If you’d enjoy a lurid first-person adventure story about a team of degenerates invading Eastern Europe for boozing and shagging, you can’t go wrong with my Daygame Memoirs. If you are more tactically minded, you’d likely prefer my strategic manual Daygame Infinite
[1] Robert E. Howard is number one. Much of his stuff is public domain now and available for free here.
[2] There are rumours his wife wrote it and he wrote the next thirteen. It’s certainly written in a different style to the others so there may be truth in this rumour.
[3] You needn’t look too far into military history to verify or disprove his claims. It’s simply impossible for anyone to survive that many battles over six years. John Wick is more plausible.
[4] And no doubt made them much easier to write by removing one of the major narrative constraints
[5] And back when it was printed, that was usually a bad sign. Different market then.
[6] It appears they never got published as I can’t find a single thing on the internet about them.
[7] Mind you, it’s hard for me to go through any day without wishing they’d won considering that the alternative was Jewish Bolshevism. I’m no fan of the Nazi’s socialism nor their murderous Teutonic supremacy, but the Soviets were bigger villains. Like Churchill said, “we butchered the wrong pig”
[8] It’s always men getting massacred, usually by a white knight protecting a woman. That’s hard to support when you’re on Team Man. In modern times it’s usually white men getting massacred, which is hard to support when you’re on Team White. And before you stupid Indian trolls get started, think how you’d feel if Bollywood created movies like John Wick where you were meant to cheer for two hours as somebody massacres several hundred men who look exactly like you. Even worse if it’s like Django Unchained. Imagine a Bollywood movie where every single Indian man is a total cunt, and then a white man kills you all, and you’re meant to cheer it along.
[9] For example, Leo Kessler is in fact Charles Whiting and Wolf Kruger is schlock horror writer Shaun Hutson.
January 22, 2018 at 9:19 pm
I’ve never read any Robert E. Howard books. I haven’t really heard much about him before. Watched Conan the Barbarian with Arnie many years ago, but apart from that I’m pretty clueless about him.
Which Robert E. Howard books would you recommend to read first?
Never read any Sven Hassle either, but just ordered from eBay Wheels of Terror.
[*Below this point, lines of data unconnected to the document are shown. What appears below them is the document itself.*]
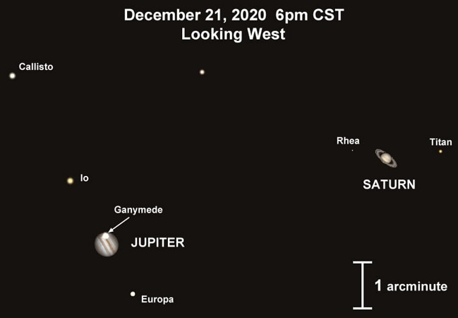 Στις 21 Δεκεμβρίου φέτος, τη μέρα του χειμερινού ηλιοστασίου, οι μεγάλοι πλανήτες Δίας και Κρόνος θα πλησιάσουν τόσο πολύ ο ένας τον άλλο που θα μοιάζουν σαν είναι ένας διπλός πλανήτης. Το θεαματικό αυτό αστρονομικό φαινόμενο είναι η πρώτη φορά που θα συμβεί στο γήινο νυχτερινό ουρανό μετά τον Μεσαίωνα.
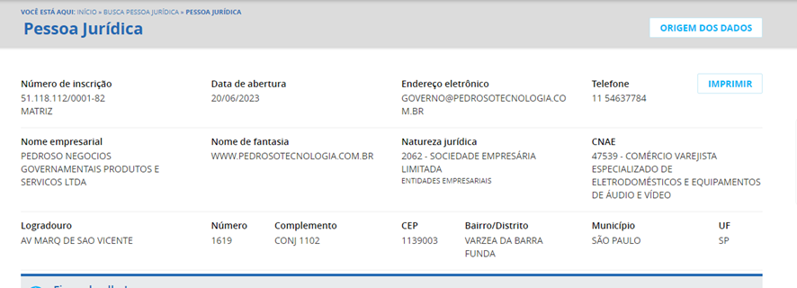 9) Podemos ver nessa empresa aberta em 2023, mas que em seu site diz dizer vender a 20 anos para o governo. +
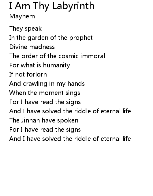 | Song | I Am Thy Labyrinth |
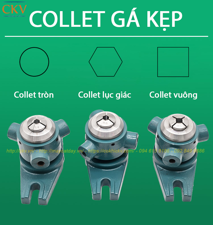 Kích thước collet: Có 3 loại collet là collet tròn, collet vuông và collet lục giác.
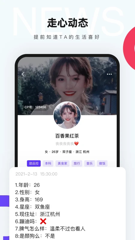 CP是一款能让每个人都找到自己的真爱的软件,同时其中有许多交友的方法,有意思的一周CP关系更为有效,会根据用户们的简介与需要,自动为其配对,让用户迅速认识,同城线上交友聊天更加轻松,还有超多的交友聊天方式更加丰富,全天都有大量的社交方式和风格更为有效果,自动一键匹配,给你不一样的交友活动。
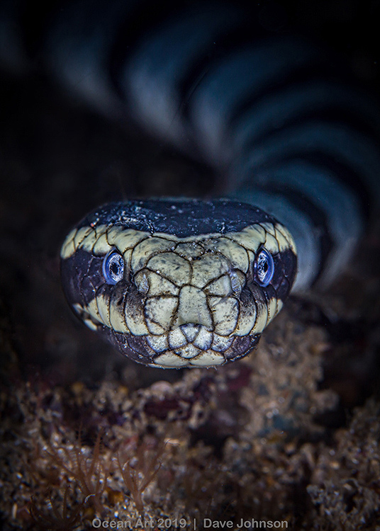 The Story: Unexpectedly we came across this Banded Sea Snake taking a nap on the sea bed at around 20 metres deep.  With the maxim in mind that “hesitation kills the shot” I headed way out in front of it so that it could see me approaching and not be spooked.  I slowly got nearer and nearer and ended up around 1 metre in front of it, flat on the sandy bottom, took around 6 shots (heart beating rapidly) and then left it where it was (seemed like a wise thing to do).  Post processing was just a crop to turn it into portrait presentation and some clarity adjustments in Lightroom.  I’ve never seen this behaviour before or since but people tell me where there’s one of these guys resting on the bottom that there are often others buried under the sand nearby!
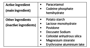 What Cipla Pain Relief Paracetamol and Codeine Phosphate Hemihydrate 8 tablets contains

I read a lot of military history – I’d recommend David Irving’s books, plus his many talks on YouTube.
Forgotten Soldier by Guy Sajer and The Eastern Front by Leon Degrelle are good too. [Hassel is like a pulpy version of Guy Sajer. With Howard, I personally like his crusader stories such as The Sowers Of The Thunder and Lord Of Samarcand. K.]
January 23, 2018 at 8:40 pm
are you planning to join twitter again?was following you and enjoyed your tweets. greeting from Prague. We read here the book “svejk the good soldier”
February 3, 2018 at 11:12 pm
Thanks for the post. I have read Sven Hassels a lot long time ago. Not sure if the stories are real. They are entertaining though.
I know one very good books of WW2 (its a collection of Reader’s Digest stories) but I only have it in my native language. It was called short stories from ww2, spies and heroes.
It has pretty crazy stories. Like a pilot who escaped 3 times from Brits and almost stole Spitfire. There’s story of escapes from prison camps using underground tunnels. There’s story of a doctor who saved lots of people just by massaging Himmler. There’s also a story of german agents going to US and ending up partying. There’s really fun story of german submarine captain and British chasing each other off the Irish cost and ending up drinking at Irish bar. There’s also a story of Kwai-river POW camp where nihilism and moral oblivion is rampant until a captain changes everything and turns the whole POW camp to small shrine of humanity and civilization.
Can you maybe do recommenations for WW2 books? Third Reich is on my long reading list.
World War 2 in Colour and World at War TV documentaries are great fun to watch.